That means that out of 99 departures, 6 (6.1%) trains arrived in Toronto after midnight, while 2 trains were terminated in Jasper (2019/01/25) or Winnipeg (2019/02/22).



As for the line-up of the cars, it currently is (from front-to-back) 02-03-20-21-22-(23)-10-11-12-13-14-15-30-31-39, but it has been 02-(03)-(18-17-16)-15-14-13-12-11-10-30-(31)-39 before the start of this year's peak season and could therefore change again completely in October...


I hope this helps, but please don't take any of this as anything close to an official answer or with any guarantee of being correct...


----------



## Chessie (Jun 7, 2019)

Many thanks to all of you. Really appreciate the info.

February seems to have the worst time keeping. Probably whether related? 

@Urban Sky or anyone who has insights, do you know which numbers are for the dining cars and dome cars?


----------



## zephyr17 (Jun 7, 2019)

Diners and lounges do no have car line numbers.

With that said, with Urban Skys consist the coach Skyline is between the last coach (03) and the first sleeper (20). They've been running the skyline/diner combination at the rear of the respective sections lately, iirc, so the first sleeper Skyline and diner would be between 22 (23) and 10. The second Skyline and diner would be between 15 and 30. The Park Car is 39. It has a line number because it is a combination Prestige sleeper/dome/lounge/obs.


----------



## Chessie (Jun 7, 2019)

zephyr17 said:


> Diners and lounges do no have car line numbers.
> 
> With that said, with Urban Skys consist the coach Skyline is between the last coach (03) and the first sleeper (20). They've been running the skyline/diner combination at the rear of the respective sections lately, iirc, so the first sleeper Skyline and diner would be between 22 (23) and 10. The second Skyline and diner would be between 15 and 30. The Park Car is 39. It has a line number because it is a combination Prestige sleeper/dome/lounge/obs.

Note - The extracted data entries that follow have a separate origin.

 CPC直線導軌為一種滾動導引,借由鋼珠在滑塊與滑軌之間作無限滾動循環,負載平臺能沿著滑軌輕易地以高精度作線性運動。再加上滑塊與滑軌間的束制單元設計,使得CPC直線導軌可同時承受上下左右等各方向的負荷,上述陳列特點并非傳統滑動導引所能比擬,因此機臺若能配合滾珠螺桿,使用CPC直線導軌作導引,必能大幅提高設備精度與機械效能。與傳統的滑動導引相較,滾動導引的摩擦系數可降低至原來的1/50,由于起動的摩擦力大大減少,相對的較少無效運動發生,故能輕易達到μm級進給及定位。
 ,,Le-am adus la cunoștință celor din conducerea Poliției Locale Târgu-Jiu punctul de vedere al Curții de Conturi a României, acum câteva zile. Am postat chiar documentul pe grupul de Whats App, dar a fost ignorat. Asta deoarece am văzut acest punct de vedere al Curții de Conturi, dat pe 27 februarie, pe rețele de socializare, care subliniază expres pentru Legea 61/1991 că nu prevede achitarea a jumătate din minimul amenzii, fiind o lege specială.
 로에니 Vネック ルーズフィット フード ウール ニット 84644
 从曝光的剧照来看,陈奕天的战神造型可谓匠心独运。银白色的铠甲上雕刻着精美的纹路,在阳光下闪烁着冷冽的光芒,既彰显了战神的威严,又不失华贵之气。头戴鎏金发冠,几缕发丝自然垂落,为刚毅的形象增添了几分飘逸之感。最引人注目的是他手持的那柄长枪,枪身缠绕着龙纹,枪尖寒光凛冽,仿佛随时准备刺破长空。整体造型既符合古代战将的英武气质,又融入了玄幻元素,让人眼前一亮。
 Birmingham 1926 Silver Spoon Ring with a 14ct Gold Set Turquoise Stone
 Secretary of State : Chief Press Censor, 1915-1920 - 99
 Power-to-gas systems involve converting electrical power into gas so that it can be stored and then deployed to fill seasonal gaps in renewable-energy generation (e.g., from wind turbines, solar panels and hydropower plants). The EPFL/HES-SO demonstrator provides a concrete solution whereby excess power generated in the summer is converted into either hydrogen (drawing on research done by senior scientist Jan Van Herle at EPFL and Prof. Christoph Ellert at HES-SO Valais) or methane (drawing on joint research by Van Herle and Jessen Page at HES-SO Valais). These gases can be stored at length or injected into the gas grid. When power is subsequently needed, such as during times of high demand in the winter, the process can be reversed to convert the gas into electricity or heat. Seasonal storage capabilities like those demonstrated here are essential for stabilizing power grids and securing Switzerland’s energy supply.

Are 30 and 31 Prestige cars?


----------



## willem (Jun 7, 2019)

Chessie said:


> [...] do you know which numbers are for the dining cars and dome cars?



Sleeper class dining cars and domes had letters on my recent trip. An economy class dome had neither number nor letter.

Here is the numbering from my recent trip (and is consistent with what *Urban Sky* posted), with info taken from a board posted in Vancouver: 1, 2, Skyline, 220, 221, 222, Skyline A, Dining A, 210, 211, 212, 213, 214, 215, Skyline B, Dining B, DH, 231, 230, 239. All 22x and 21x cars were Manor cars, DH was Chateau, 231 and 230 were Prestige, and 239 was Park. I could try to post a picture of the board, but it has a lot of reflection from the glass front.


----------



## zephyr17 (Jun 7, 2019)

willem said:


> Sleeper class dining cars and domes had letters on my recent trip. An economy class dome had neither number nor letter.
> 
> Here is the numbering from my recent trip (and is consistent with what *Urban Sky* posted), with info taken from a board posted in Vancouver: 1, 2, Skyline, 220, 221, 222, Skyline A, Dining A, 210, 211, 212, 213, 214, 215, Skyline B, Dining B, DH, 231, 230, 239. All 22x and 21x cars were Manor cars, DH was Chateau, 231 and 230 were Prestige, and 239 was Park. I could try to post a picture of the board, but it has a lot of reflection from the glass front.


If you listen to VIA onboard crew on their radio channel, you'll find that the "A" and "B" they're referring to the sleeper sections of the train. In a lot of ways they treat it like 2 (or 3) trains coupled together for OBS purposes. So those are the A section's diner and Skyline and the B section's diner and Skyline. When about to depart a staton, you'll hear them call in "Economy closed...A closed...B closed". Prestige is treated like part of "B" as far as I can tell.

DH is deadhead. They've been putting a non-revenue Chateau between Sleeper Plus and Prestige and using at least some of it for crew space. Last trip, the train manager was in that Chateau's drawing room.


----------



## zephyr17 (Jun 7, 2019)

Chessie said:


> Are 30 and 31 Prestige cars?


Yes, 30, 31 are Prestige Chateaus.


----------